● YOUR GOAL:
As output, give the exact lines from the one containing "The amount of" through the end of the listing below, both included, without the pictures.
══ DATASET EXTRACT
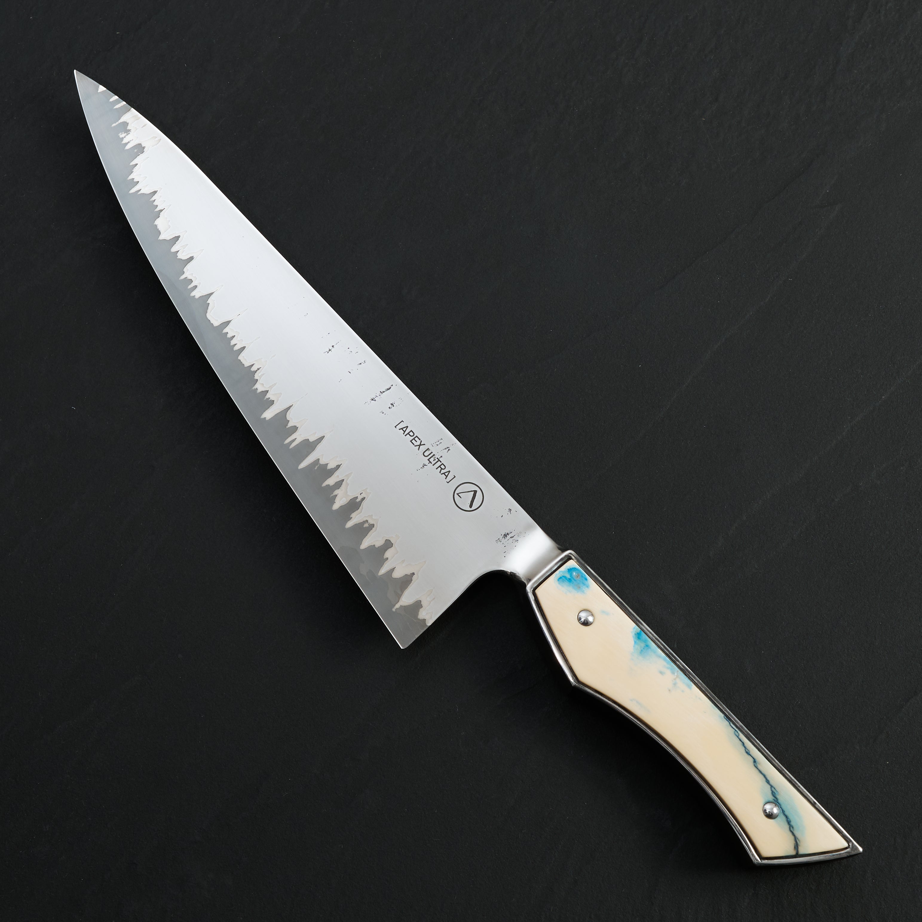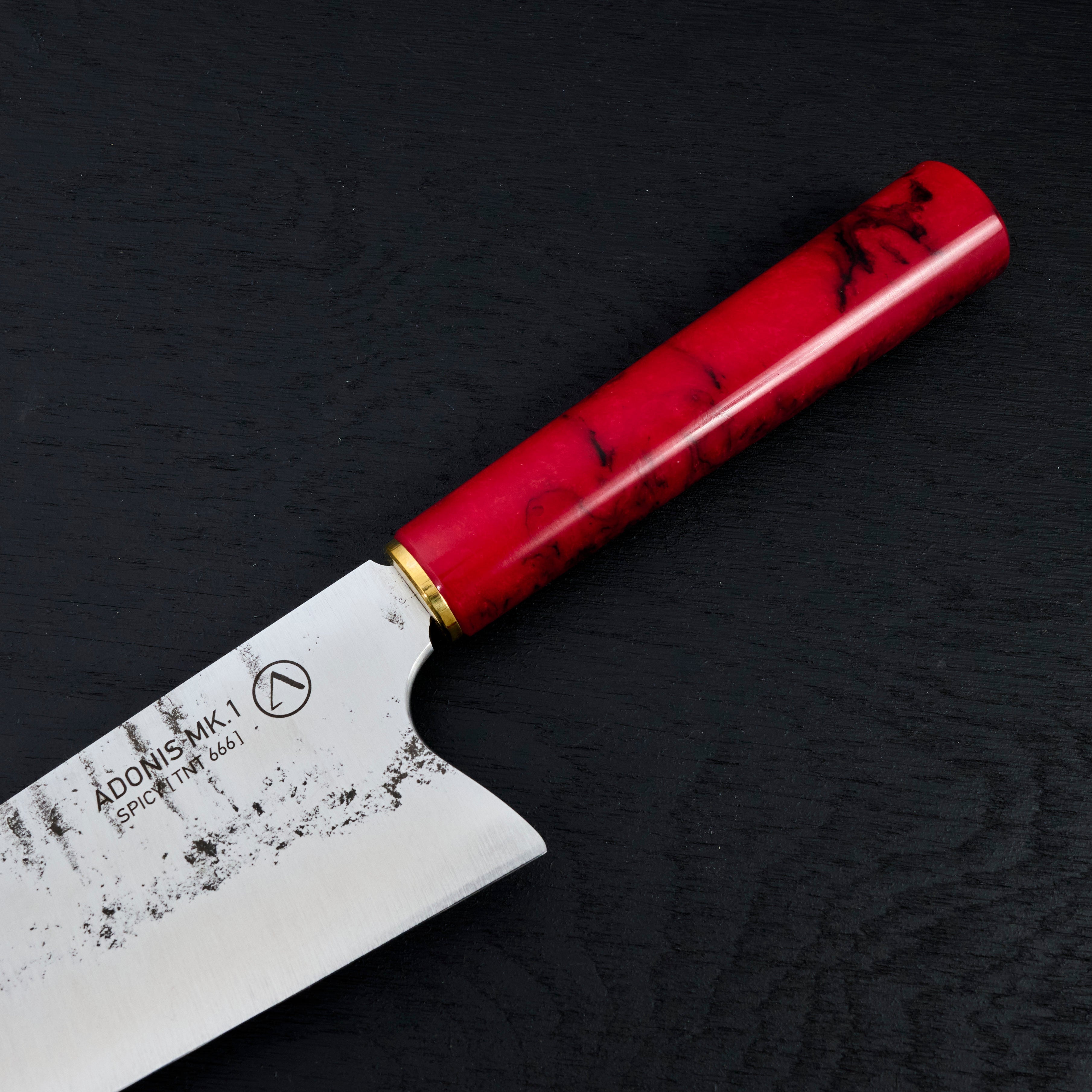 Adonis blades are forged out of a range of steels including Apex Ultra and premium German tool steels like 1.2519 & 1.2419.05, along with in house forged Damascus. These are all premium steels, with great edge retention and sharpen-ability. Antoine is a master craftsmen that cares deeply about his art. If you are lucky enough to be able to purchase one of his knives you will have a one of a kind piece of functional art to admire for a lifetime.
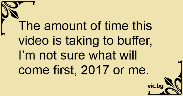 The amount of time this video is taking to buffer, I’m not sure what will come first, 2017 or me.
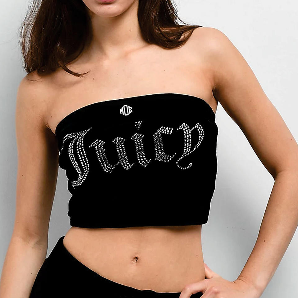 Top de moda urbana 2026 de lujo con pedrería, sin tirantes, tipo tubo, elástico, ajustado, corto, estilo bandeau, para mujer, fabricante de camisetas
════
● WRITTEN RESPONSE:
 The amount of time this video is taking to buffer, I’m not sure what will come first, 2017 or me.
 Top de moda urbana 2026 de lujo con pedrería, sin tirantes, tipo tubo, elástico, ajustado, corto, estilo bandeau, para mujer, fabricante de camisetas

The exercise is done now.